Also, I think you might be able to get away with just passing --nvproxy-docker runsc flag. It forces the nvidia prestart hook code path even when the OCI spec doesn't have that hook. So you don't need this PR.

But I still think the right thing to do is to emulate nvidia-ctk invocation in gVisor for symlink creation. Because the pre-start hook is doing extra work.

@LandonTClipp
Copy link
Copy Markdown
Author

The issues I have with the GPUFunctionalityRequestedViaHook code path was that it would mount all of the /dev/nvidiaN devices from the host, not just the one that was requested by CDI. This is why I started investigating if we can just use raw CDI for everything because the k8s-device-plugin gives us a CDI spec file, that if adhered to correctly, gives a correct working environment inside the container.
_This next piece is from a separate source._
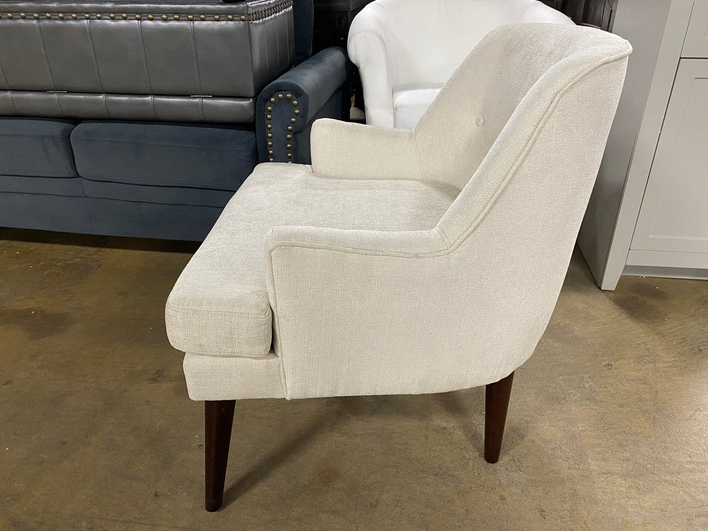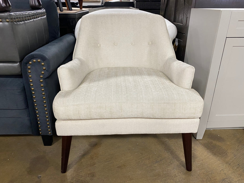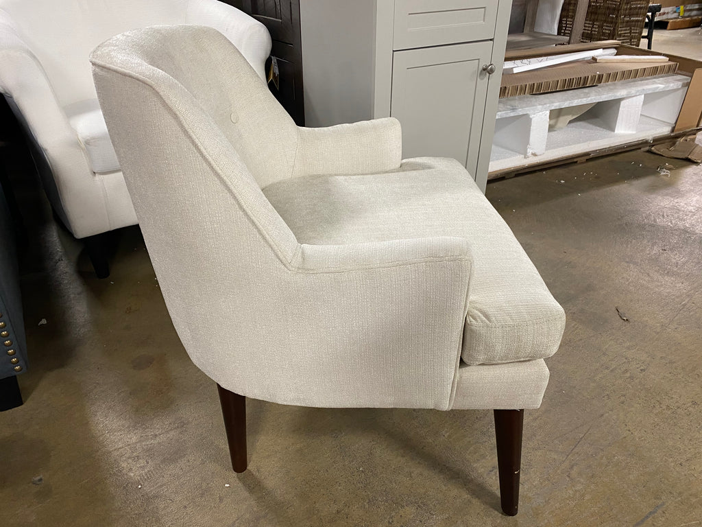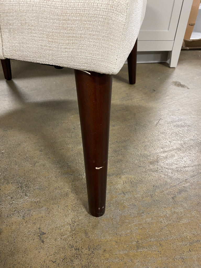 Item is in great condition. This is an out-of-box and assembled item. There is a small scratch in the front left leg; see photos for details. Color: Beige

The issues I discovered were multi-layered:

  1. gVisor would correctly mount the client library as specified in the CDI spec file. Example:

       {
         "hostPath": "/usr/lib/x86_64-linux-gnu/libcuda.so.580.126.20",
         "containerPath": "/usr/lib/x86_64-linux-gnu/libcuda.so.580.126.20",
         "options": [
           "ro",
           "nosuid",
           "nodev",
           "bind"
         ]
       },
    

    But it would not create the libcuda.so -> libcuda.so.1 symlink that is supposed to be created by this createContainer hook:

       {
         "hookName": "createContainer",
         "path": "/usr/bin/nvidia-ctk",
         "args": [
           "nvidia-ctk",
           "hook",
           "create-symlinks",
           "--link",
           "libGLX_nvidia.so.580.126.20::/usr/lib/x86_64-linux-gnu/libGLX_indirect.so.0",
           "--link",
           "libcuda.so.1::/usr/lib/x86_64-linux-gnu/libcuda.so",
           "--link",
           "libnvidia-opticalflow.so.1::/usr/lib/x86_64-linux-gnu/libnvidia-opticalflow.so"
         ]
    

    Because createContainer hooks were explicitly not run.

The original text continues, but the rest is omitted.